Diskursanalyse bisher schwach rezipiert

Zurück zu unse­rem Buch: Es bean­sprucht nicht, die ers­te und zugleich ulti­ma­ti­ve Unter­su­chung zu Nik­ab­trä­ge­rin­nen in der Schweiz zu sein, son­dern es geht der Fra­ge nach, war­um die vor­find­li­che Rea­li­tät der weni­gen Nik­ab­trä­ge­rin­nen und das Bild in der media­len Debat­te in der Deutsch­schweiz (bis Früh­ling 2020) so auf­fäl­lig aus­ein­an­der­klaf­fen. Auf­merk­sam­keit fan­den bis­her vor allem die rund 35 Sei­ten zum For­schungs­stand und zu den Nik­ab­trä­ge­rin­nen in der Schweiz. Die Dis­kurs­ana­ly­se, die mit 46 Sei­ten immer­hin einen guten Drit­tel des Lauf­tex­tes unse­res Buches aus­macht, ist in der gegen­wär­ti­gen Pha­se der Debat­te prak­tisch nicht rezi­piert worden.

Auch Nadia Baghda­di for­mu­liert in ihrem Debat­ten­bei­trag als – von mir unter­stütz­tes – Desi­de­rat, dass wei­te­re For­schung zei­gen möge, «auf wel­che reli­giö­sen Auto­ri­tä­ten sich Nikab-Trä­ge­rin­nen bezie­hen und wie sie kon­kret prak­ti­zie­ren». Zugleich nimmt sie als ers­te Stim­me die Befun­de der Dis­kurs­ana­ly­se brei­ter auf und ver­knüpft sie mit dem Kon­zept des gen­der­na­ti­vism, das Jani­ne Dahin­den und Ste­fan Man­ser-Egli jüngst an die­ser Stel­le vor­ge­stellt haben. Die­sen Ansatz hal­te auch ich für lohnenswert.

Baghda­di stellt auch die wich­ti­ge Fra­ge, «wel­che Aus­wir­kun­gen die Bur­ka-Dis­kur­se auf die brei­te mus­li­mi­sche Bevöl­ke­rung haben». Die­se Aus­wir­kun­gen zu unter­su­chen, lag eben­so­we­nig im Anspruch des Buches wie die Fra­ge nach ideo­lo­gi­schen Ein­flüs­sen.
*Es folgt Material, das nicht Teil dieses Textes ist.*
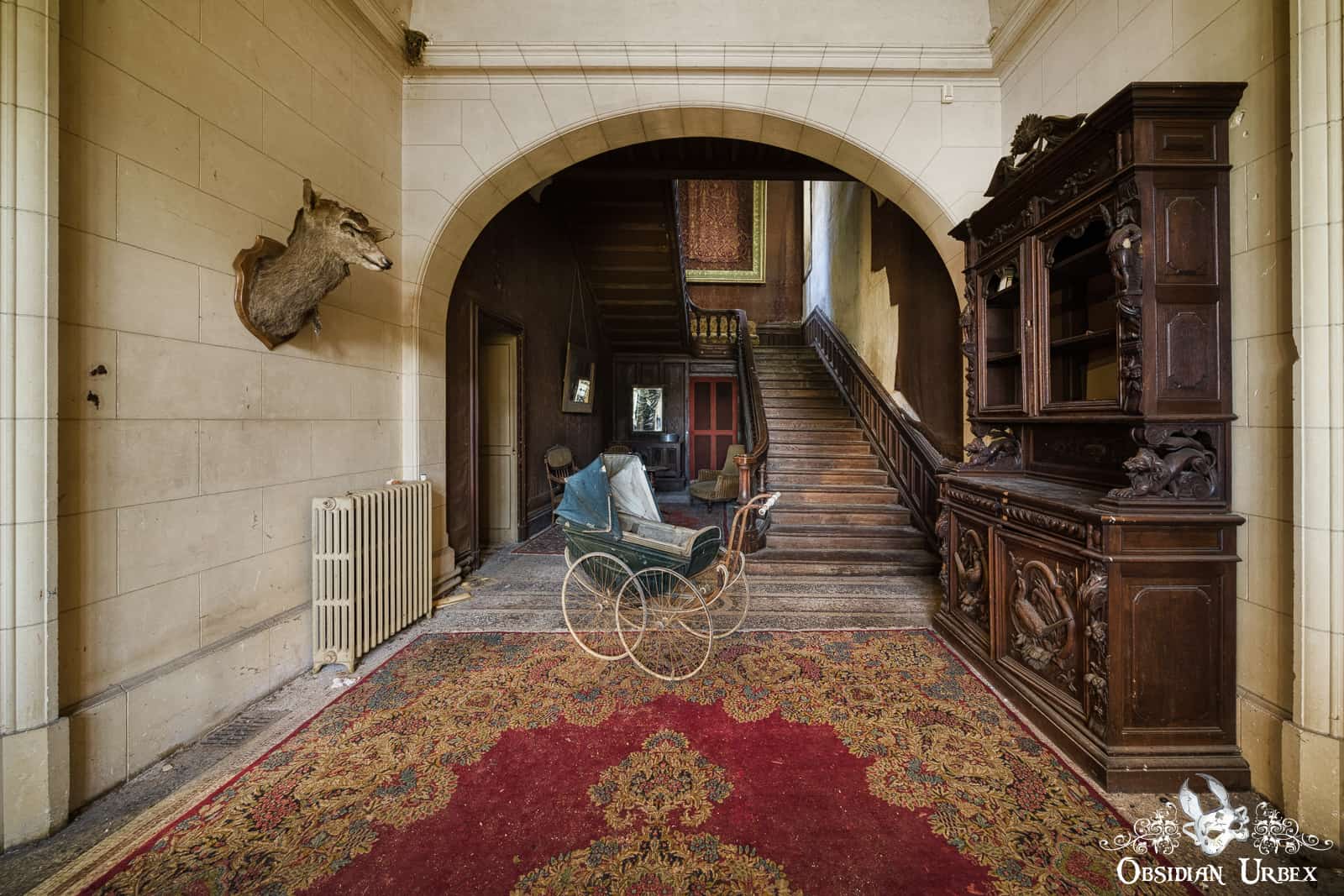 The grand entrance hall has a magnificent mosaic floor, and a sturdy wood staircase that is delightfully creaky to traverse. At the back of the entry, there is a door with a red frame. This unassuming door opens into the magnificent family chapel, which has beautiful stained glass windows. Following on, the main dining room is located on the left side of the entrance hall. Fine wooden cabinets and other pieces of furniture are set against wood-panelled walls. The inlays are embellished with silk covers adorned with gold fleur-de-lis, the emblem of French royalty.

Sie ist gleich­wohl nicht min­der wich­tig, denn womög­lich ist die rea­li­täts­for­men­de Kraft des vor­herr­schen­den Dis­kur­ses in der Mehr­heits­ge­sell­schaft noch wirk­sa­mer als Lehr­sät­ze fer­ner Scheichs.
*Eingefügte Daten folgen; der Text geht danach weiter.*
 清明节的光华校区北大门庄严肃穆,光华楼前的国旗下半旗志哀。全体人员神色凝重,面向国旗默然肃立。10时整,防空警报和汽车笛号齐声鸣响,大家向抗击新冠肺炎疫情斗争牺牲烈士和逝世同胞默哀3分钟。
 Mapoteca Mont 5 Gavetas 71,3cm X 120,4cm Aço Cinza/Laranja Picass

Als Fazit zum aktu­el­len Stand der Debat­te unter Ange­hö­ri­gen der sci­en­ti­fic com­mu­ni­ty hal­te ich dem­nach als Ant­wort auf den Titel über Elham Mane­as Debat­ten­bei­trag fest: Ja, natür­lich ist der Kon­text wich­tig, aber dar­in sind eben Ideo­lo­gien nur ein Teil, den man gegen­über ande­ren Tei­len nicht über­be­wer­ten darf, will man den plum­pen Fal­len der öffent­li­chen Bur­ka-Debat­te ausweichen.